Any help from the group would be most helpful. Thanks!

Andrew Cheadle


----------



## ajc_trw (May 28, 2008)

Has anyone run into this with any Classic Mac OS?


----------



## VirtualTracy (May 28, 2008)

Which model Power Mac? Are you using USB?  I can't actually find anything re: your particular Sylvania SMPK 2062 model, on the internet, so it's hard to advise ... I have been able to determine, however, that it is likely a similar device to an iPod?

Do you have any product info other than what you have already provided?

The closest I could come to your model is t_hi_s.

And t_hi_s

I haven't been able to find out if these are compatible with Mac OS, unfortunately.


.


----------



## ajc_trw (May 29, 2008)

I'm using the Power Macintosh 6500/250 with the USB cable that came with the player. 

Your second link was a couple pages early.
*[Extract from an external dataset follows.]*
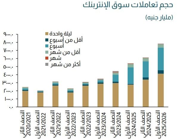 وقال البنك المركزي في تقرير السياسة النقدية الصادر عنه ، أن نشاط التداول يتركز في أجلي ليلة واحدة وأسبوع ، مما يعكس استمرار اعتماد البنوك على سوق الإنتربنك لإدارة السيولة قصيرة الأجل.

You link to page two while my model is on page 5.

Thanks for the reply, I appreciate the help.


----------



## ajc_trw (Jun 6, 2008)

I tried connecting the player to the Mac while connected via Broadband (FiOS) and it must have downloaded the driver. I connected to the player and just now the player was recognized while offline. 

Not bad MAC! Now I wish I knew how to make it less crashy and quicker.

Thanks for the help VirtualTracy, it was much appreciated!


----------



## VirtualTracy (Jun 6, 2008)

Great! Glad to help ajc_trw


----------